■ WHAT YOU NEED TO DO
Each line of the data below should be restated exactly, with images left out.

■ GIVEN ENTRIES
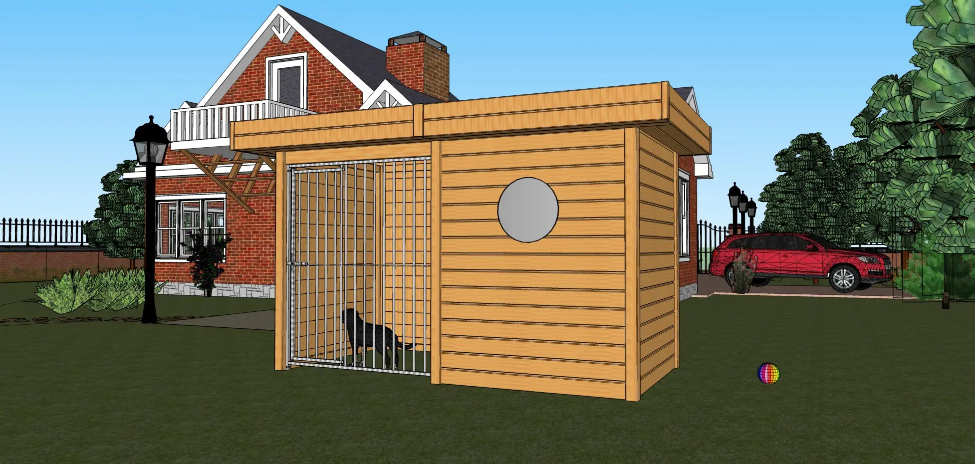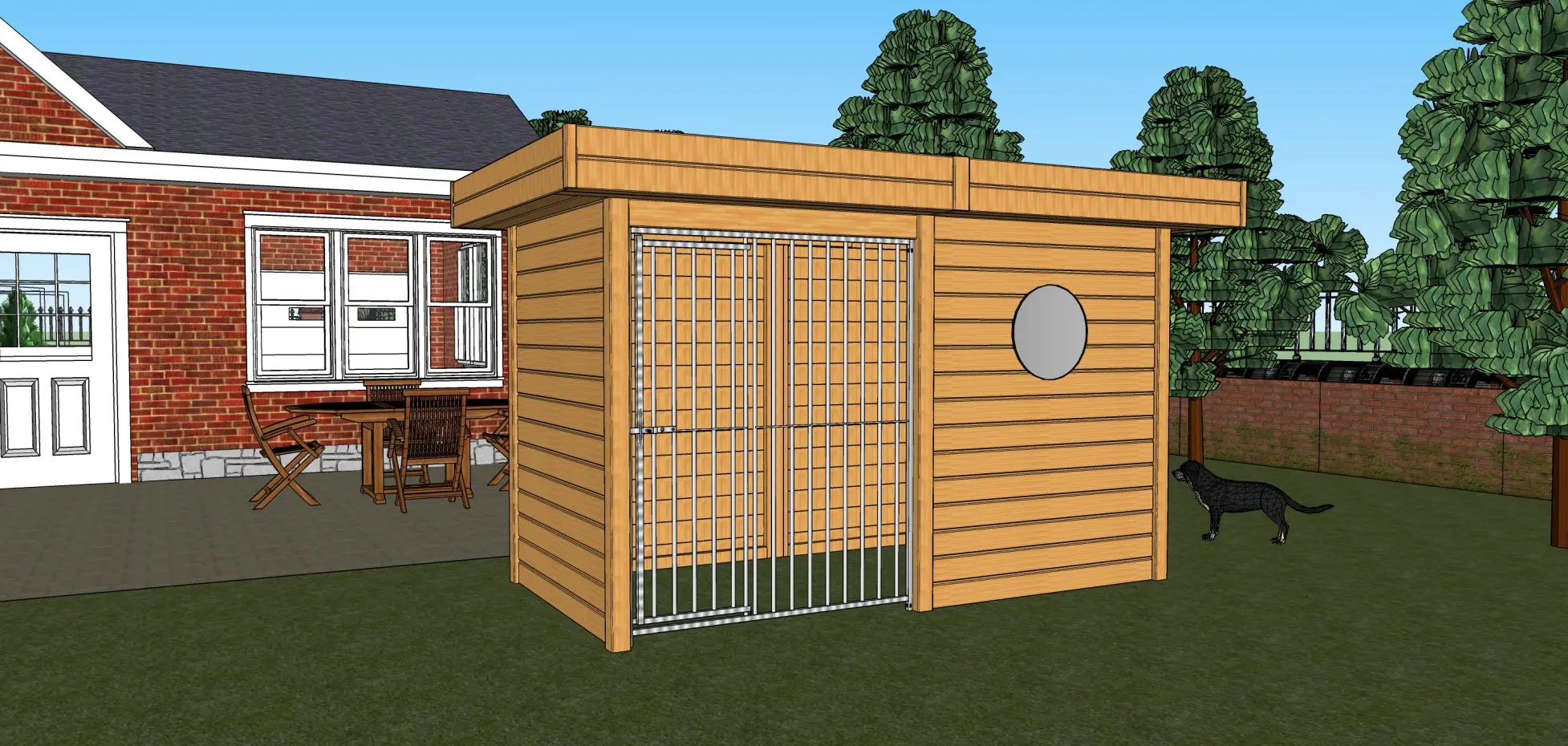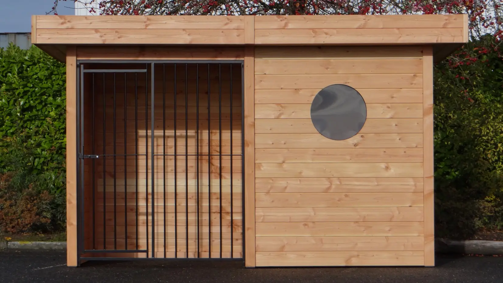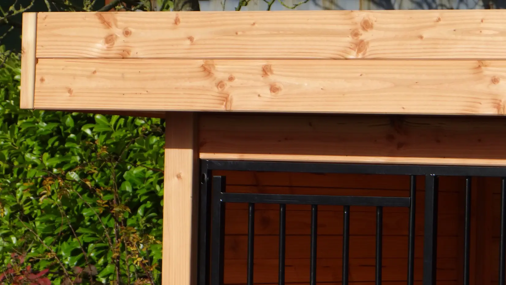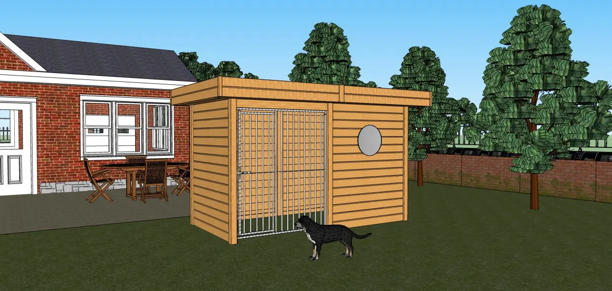 • Hondenkennel van douglashout, een mooi en duurzaam houtsoort dat zelfs onbehandeld geschikt is voor buiten. Wel zal het snel grijs worden, behalve als u het behandelt met beits of douglasolie.
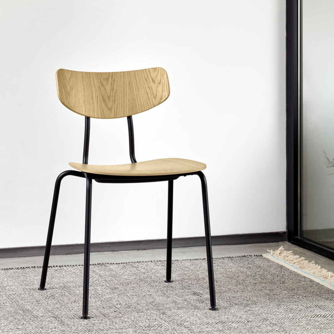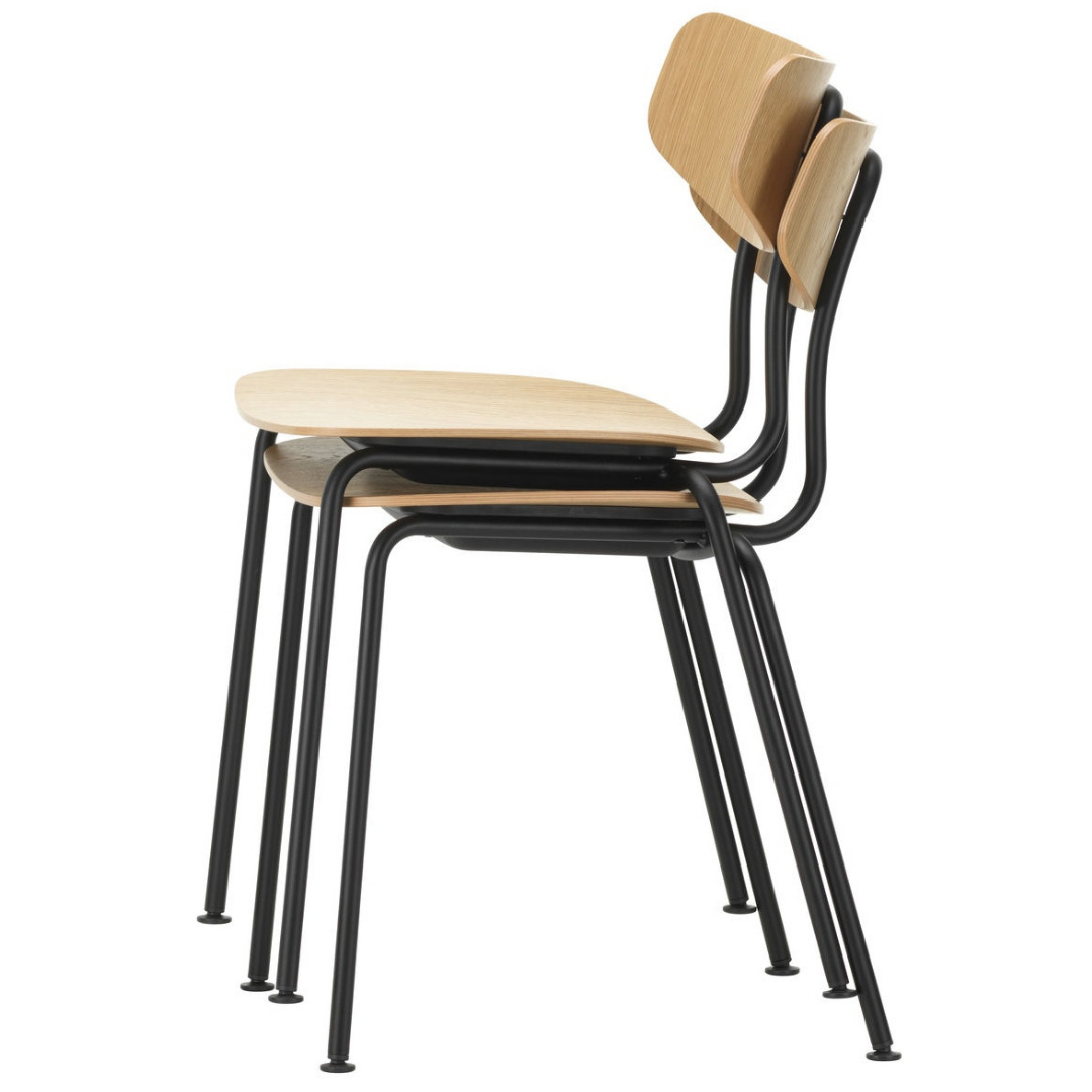 De zitschalen van de Moca stoel zijn verkrijgbaar in natuurlijk of donker eiken fineer, en de basis is verkrijgbaar in een verchroomde versie of met een zeer robuuste, poedercoating mat gelakte afwerking.
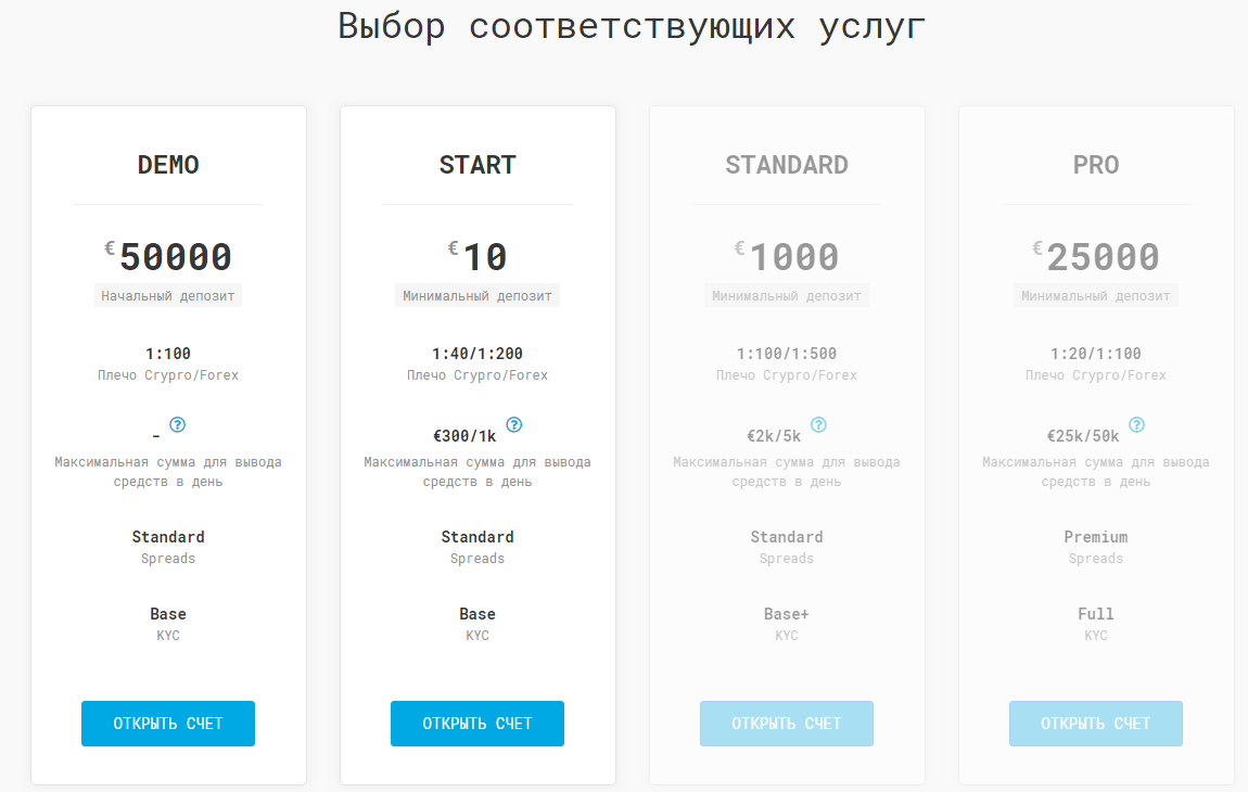 - Standart. Самый меленький депозит составляет 1 000 евро. Лимит для вывода денег происходит автоматически, составляя 2000\5000 евро.
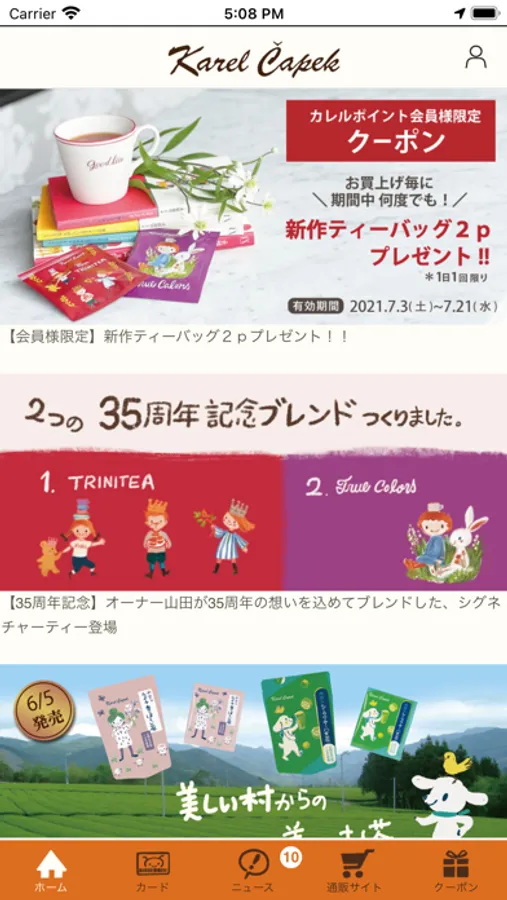 「おいしい紅茶を楽しく!」を旬茶100%・鮮度抜群の紅茶とかわいいデザインで目指し続けるカレルチャペック紅茶店の公式アプリです。
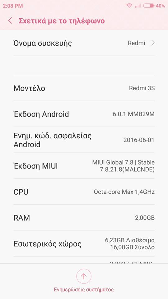 Καταρχάς η συσκευή σου είναι το Redmi 3s με κωδική ονομασία LAND.
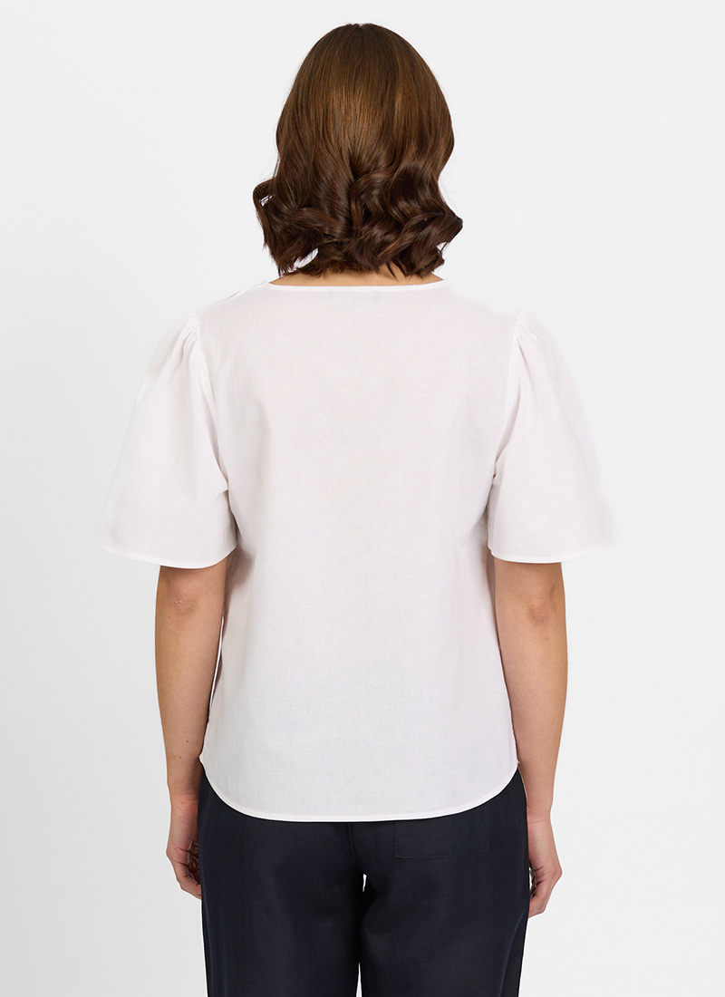 • Short floaty sleeves with gather along the shoulder
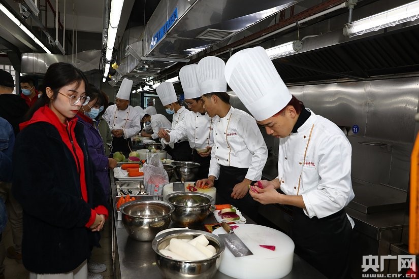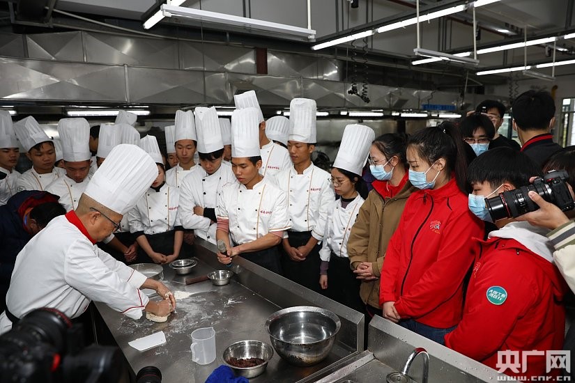 央廣網佛山12月17日消息(記者陳越)揉面團、片魚片、雕花……近日,“大國工匠灣區行”走進順德職業廚師學院,國賽選手們在學院課堂體驗后廚工作,與廚師學院的教師學員們進行學習交流。目前,順德廚師學院已聘請黎永泰、羅福南等20位中國烹飪大師擔任順德廚師學院的兼職教授,讓順德名廚投身教學事業,培養粵菜廚師后備人才。

■ TASK SOLUTION
 • Hondenkennel van douglashout, een mooi en duurzaam houtsoort dat zelfs onbehandeld geschikt is voor buiten. Wel zal het snel grijs worden, behalve als u het behandelt met beits of douglasolie.
 De zitschalen van de Moca stoel zijn verkrijgbaar in natuurlijk of donker eiken fineer, en de basis is verkrijgbaar in een verchroomde versie of met een zeer robuuste, poedercoating mat gelakte afwerking.
 - Standart. Самый меленький депозит составляет 1 000 евро. Лимит для вывода денег происходит автоматически, составляя 2000\5000 евро.
 「おいしい紅茶を楽しく!」を旬茶100%・鮮度抜群の紅茶とかわいいデザインで目指し続けるカレルチャペック紅茶店の公式アプリです。
 Καταρχάς η συσκευή σου είναι το Redmi 3s με κωδική ονομασία LAND.
 • Short floaty sleeves with gather along the shoulder
 央廣網佛山12月17日消息(記者陳越)揉面團、片魚片、雕花……近日,“大國工匠灣區行”走進順德職業廚師學院,國賽選手們在學院課堂體驗后廚工作,與廚師學院的教師學員們進行學習交流。目前,順德廚師學院已聘請黎永泰、羅福南等20位中國烹飪大師擔任順德廚師學院的兼職教授,讓順德名廚投身教學事業,培養粵菜廚師后備人才。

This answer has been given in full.